►

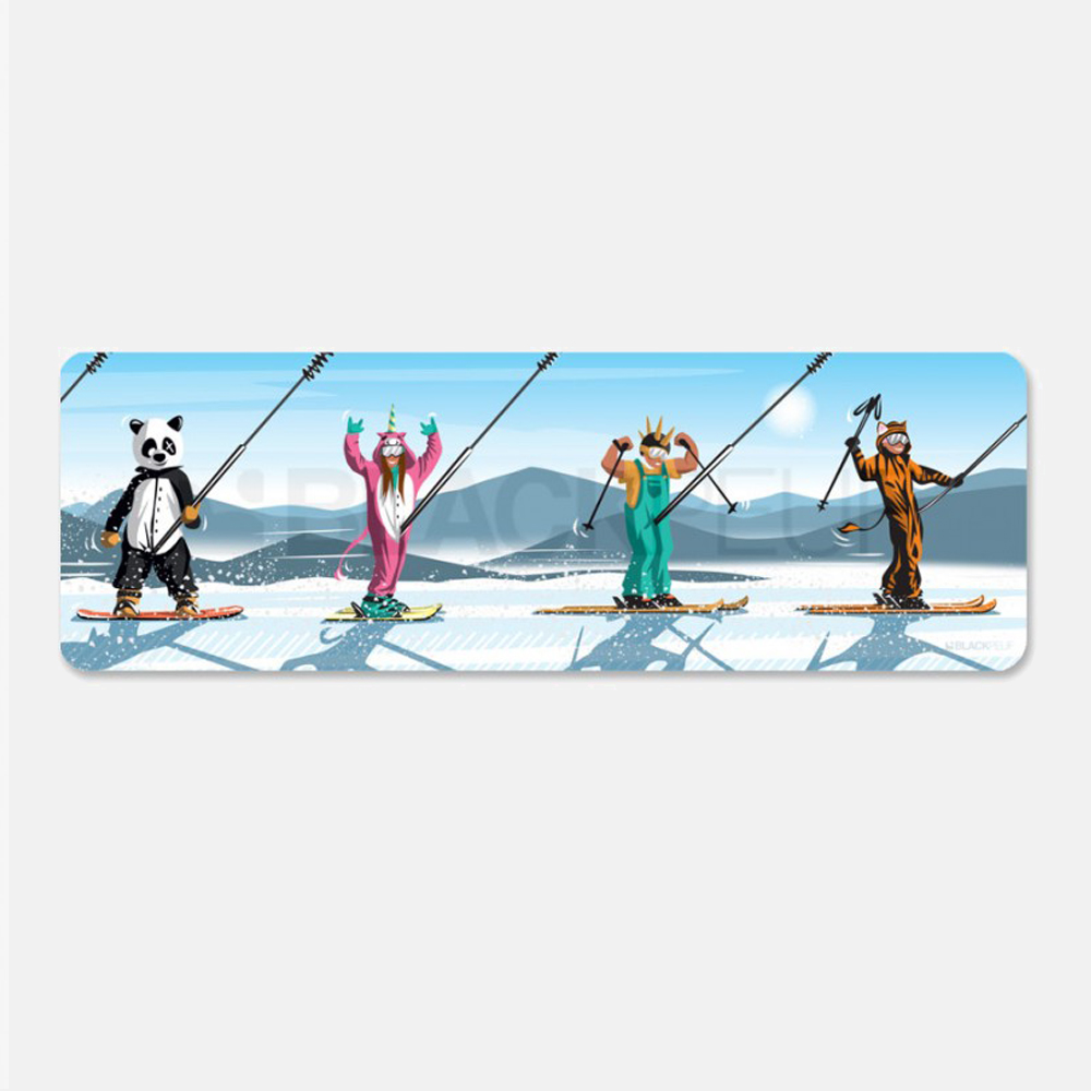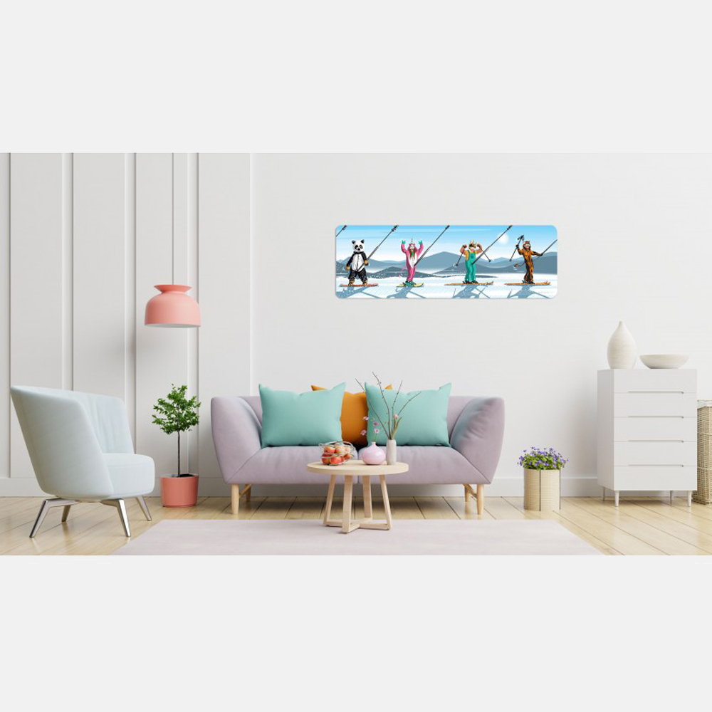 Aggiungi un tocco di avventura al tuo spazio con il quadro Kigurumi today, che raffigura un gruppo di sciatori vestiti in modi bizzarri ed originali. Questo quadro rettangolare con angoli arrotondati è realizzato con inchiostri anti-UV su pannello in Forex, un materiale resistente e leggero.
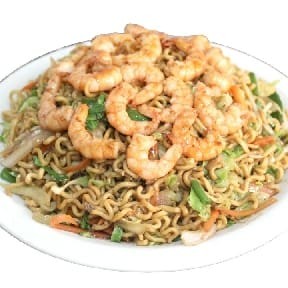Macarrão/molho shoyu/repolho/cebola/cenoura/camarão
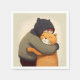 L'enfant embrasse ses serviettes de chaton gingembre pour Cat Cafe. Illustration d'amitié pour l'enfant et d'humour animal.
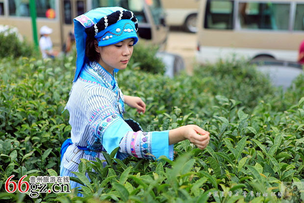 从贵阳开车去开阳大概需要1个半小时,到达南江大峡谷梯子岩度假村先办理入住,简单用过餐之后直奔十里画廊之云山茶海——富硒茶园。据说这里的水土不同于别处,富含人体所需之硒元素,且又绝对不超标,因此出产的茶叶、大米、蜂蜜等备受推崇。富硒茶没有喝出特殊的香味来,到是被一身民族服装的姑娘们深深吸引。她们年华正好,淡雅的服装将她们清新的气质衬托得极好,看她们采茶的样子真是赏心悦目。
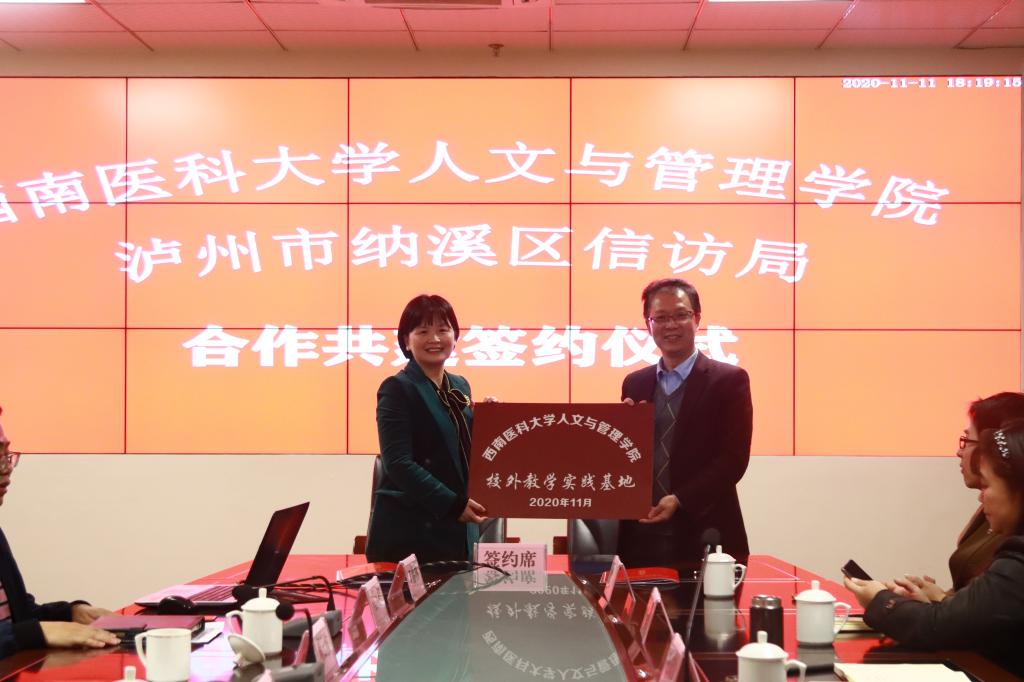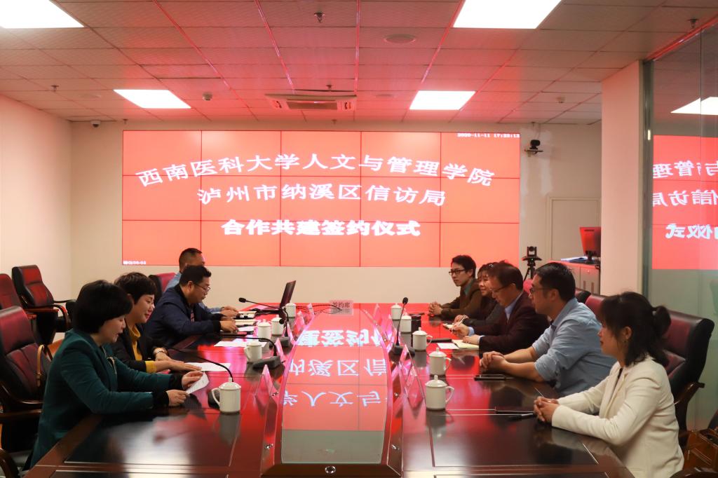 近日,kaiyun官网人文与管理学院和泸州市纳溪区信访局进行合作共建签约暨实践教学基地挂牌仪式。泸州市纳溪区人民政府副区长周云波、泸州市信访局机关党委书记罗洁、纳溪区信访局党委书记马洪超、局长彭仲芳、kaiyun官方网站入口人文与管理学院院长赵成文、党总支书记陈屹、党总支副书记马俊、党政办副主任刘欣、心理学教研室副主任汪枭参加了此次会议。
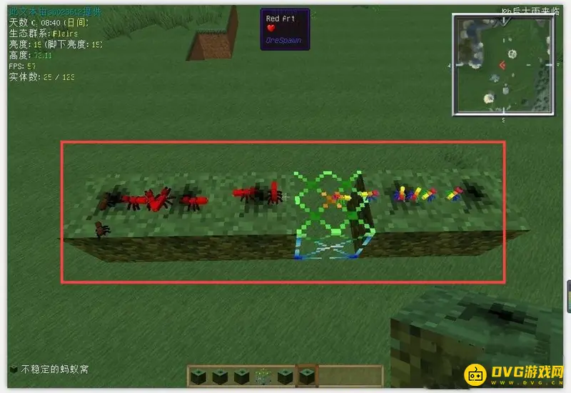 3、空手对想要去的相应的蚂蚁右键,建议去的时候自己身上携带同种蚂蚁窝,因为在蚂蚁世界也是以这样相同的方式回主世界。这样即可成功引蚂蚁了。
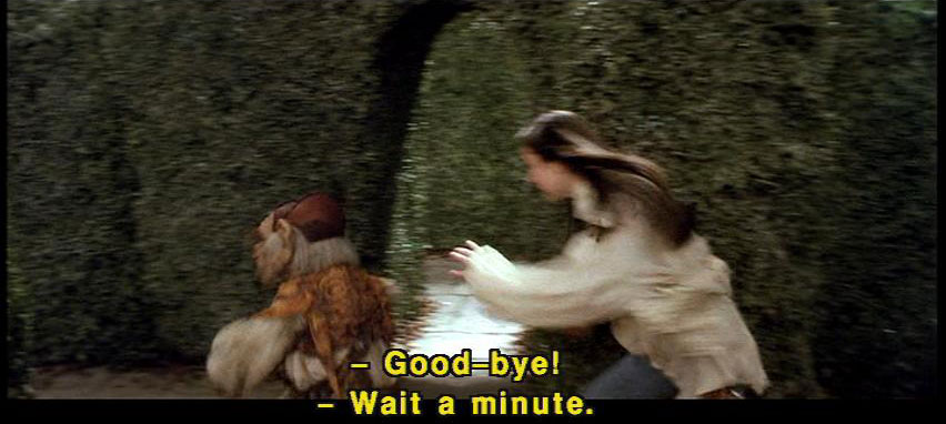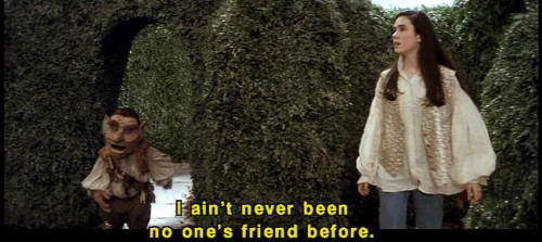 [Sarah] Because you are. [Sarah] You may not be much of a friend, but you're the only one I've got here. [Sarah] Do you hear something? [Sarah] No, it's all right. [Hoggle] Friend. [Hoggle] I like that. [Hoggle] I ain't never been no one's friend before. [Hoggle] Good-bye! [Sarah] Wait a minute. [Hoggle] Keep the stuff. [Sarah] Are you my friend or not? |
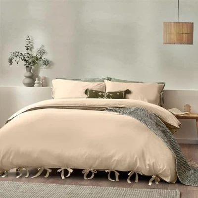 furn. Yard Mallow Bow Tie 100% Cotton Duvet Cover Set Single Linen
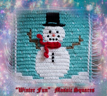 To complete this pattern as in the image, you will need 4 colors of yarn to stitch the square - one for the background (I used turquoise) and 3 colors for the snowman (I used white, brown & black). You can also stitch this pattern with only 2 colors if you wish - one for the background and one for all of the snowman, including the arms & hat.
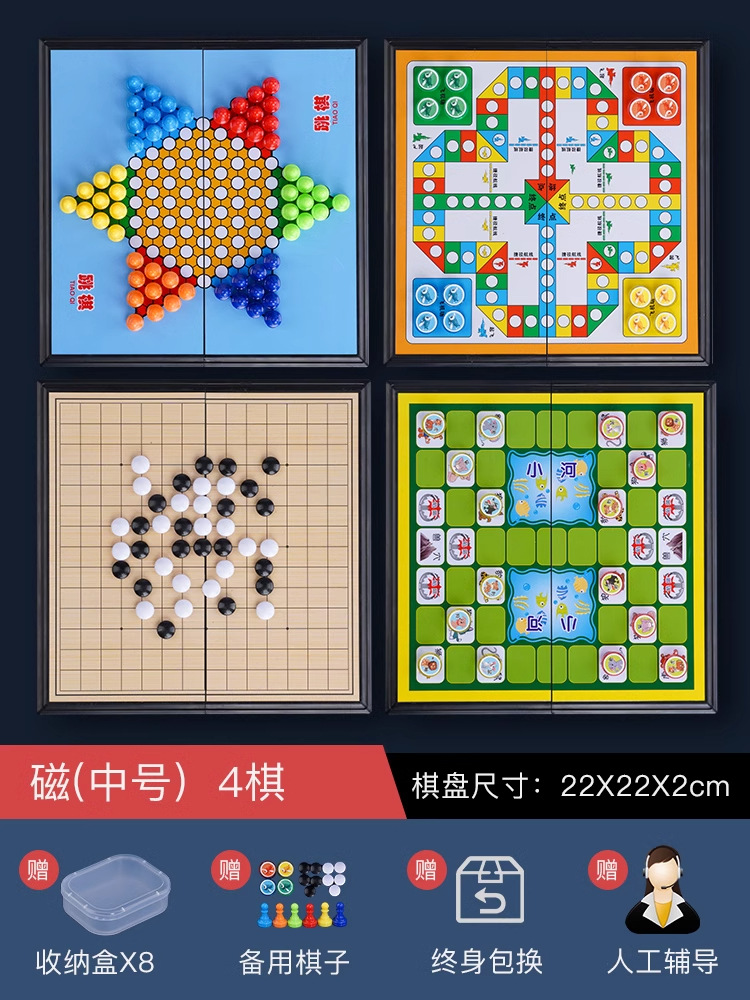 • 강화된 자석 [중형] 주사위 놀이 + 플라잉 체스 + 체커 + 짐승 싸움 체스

◄

Write out the data word for word, with every picture dropped.

 Aggiungi un tocco di avventura al tuo spazio con il quadro Kigurumi today, che raffigura un gruppo di sciatori vestiti in modi bizzarri ed originali. Questo quadro rettangolare con angoli arrotondati è realizzato con inchiostri anti-UV su pannello in Forex, un materiale resistente e leggero.
Macarrão/molho shoyu/repolho/cebola/cenoura/camarão
 L'enfant embrasse ses serviettes de chaton gingembre pour Cat Cafe. Illustration d'amitié pour l'enfant et d'humour animal.
 从贵阳开车去开阳大概需要1个半小时,到达南江大峡谷梯子岩度假村先办理入住,简单用过餐之后直奔十里画廊之云山茶海——富硒茶园。据说这里的水土不同于别处,富含人体所需之硒元素,且又绝对不超标,因此出产的茶叶、大米、蜂蜜等备受推崇。富硒茶没有喝出特殊的香味来,到是被一身民族服装的姑娘们深深吸引。她们年华正好,淡雅的服装将她们清新的气质衬托得极好,看她们采茶的样子真是赏心悦目。
 近日,kaiyun官网人文与管理学院和泸州市纳溪区信访局进行合作共建签约暨实践教学基地挂牌仪式。泸州市纳溪区人民政府副区长周云波、泸州市信访局机关党委书记罗洁、纳溪区信访局党委书记马洪超、局长彭仲芳、kaiyun官方网站入口人文与管理学院院长赵成文、党总支书记陈屹、党总支副书记马俊、党政办副主任刘欣、心理学教研室副主任汪枭参加了此次会议。
 3、空手对想要去的相应的蚂蚁右键,建议去的时候自己身上携带同种蚂蚁窝,因为在蚂蚁世界也是以这样相同的方式回主世界。这样即可成功引蚂蚁了。
 [Sarah] Because you are. [Sarah] You may not be much of a friend, but you're the only one I've got here. [Sarah] Do you hear something? [Sarah] No, it's all right. [Hoggle] Friend. [Hoggle] I like that. [Hoggle] I ain't never been no one's friend before. [Hoggle] Good-bye! [Sarah] Wait a minute. [Hoggle] Keep the stuff. [Sarah] Are you my friend or not? |
 furn. Yard Mallow Bow Tie 100% Cotton Duvet Cover Set Single Linen
 To complete this pattern as in the image, you will need 4 colors of yarn to stitch the square - one for the background (I used turquoise) and 3 colors for the snowman (I used white, brown & black). You can also stitch this pattern with only 2 colors if you wish - one for the background and one for all of the snowman, including the arms & hat.
 • 강화된 자석 [중형] 주사위 놀이 + 플라잉 체스 + 체커 + 짐승 싸움 체스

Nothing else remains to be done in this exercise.